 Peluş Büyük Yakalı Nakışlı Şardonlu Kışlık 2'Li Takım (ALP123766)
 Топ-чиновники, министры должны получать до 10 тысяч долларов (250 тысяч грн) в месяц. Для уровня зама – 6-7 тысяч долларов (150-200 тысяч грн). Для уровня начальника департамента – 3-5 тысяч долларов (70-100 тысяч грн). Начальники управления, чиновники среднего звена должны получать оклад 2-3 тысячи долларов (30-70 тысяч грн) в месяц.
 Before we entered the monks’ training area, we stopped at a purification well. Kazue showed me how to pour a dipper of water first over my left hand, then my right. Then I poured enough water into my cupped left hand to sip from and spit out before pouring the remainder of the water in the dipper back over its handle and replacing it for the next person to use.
...
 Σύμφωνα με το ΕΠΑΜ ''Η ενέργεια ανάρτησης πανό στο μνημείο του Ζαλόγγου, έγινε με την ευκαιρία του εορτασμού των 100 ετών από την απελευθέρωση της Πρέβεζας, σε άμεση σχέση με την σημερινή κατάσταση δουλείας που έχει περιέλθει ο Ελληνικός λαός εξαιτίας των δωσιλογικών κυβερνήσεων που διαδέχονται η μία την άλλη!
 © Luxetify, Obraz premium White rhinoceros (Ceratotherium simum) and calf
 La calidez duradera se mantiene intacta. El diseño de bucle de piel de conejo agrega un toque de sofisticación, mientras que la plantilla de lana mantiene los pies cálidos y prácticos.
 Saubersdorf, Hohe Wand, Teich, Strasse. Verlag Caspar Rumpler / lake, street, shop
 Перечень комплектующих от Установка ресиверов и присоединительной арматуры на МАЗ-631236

# DIRECTIONS FOR THIS TASK:
Starting at the line that has "Peluş Büyük Yakalı" in the records above, restate word for word every line until the one that has "Before we entered", and include that one as well.

# TASK ANSWER:
 Peluş Büyük Yakalı Nakışlı Şardonlu Kışlık 2'Li Takım (ALP123766)
 Топ-чиновники, министры должны получать до 10 тысяч долларов (250 тысяч грн) в месяц. Для уровня зама – 6-7 тысяч долларов (150-200 тысяч грн). Для уровня начальника департамента – 3-5 тысяч долларов (70-100 тысяч грн). Начальники управления, чиновники среднего звена должны получать оклад 2-3 тысячи долларов (30-70 тысяч грн) в месяц.
 Before we entered the monks’ training area, we stopped at a purification well. Kazue showed me how to pour a dipper of water first over my left hand, then my right. Then I poured enough water into my cupped left hand to sip from and spit out before pouring the remainder of the water in the dipper back over its handle and replacing it for the next person to use.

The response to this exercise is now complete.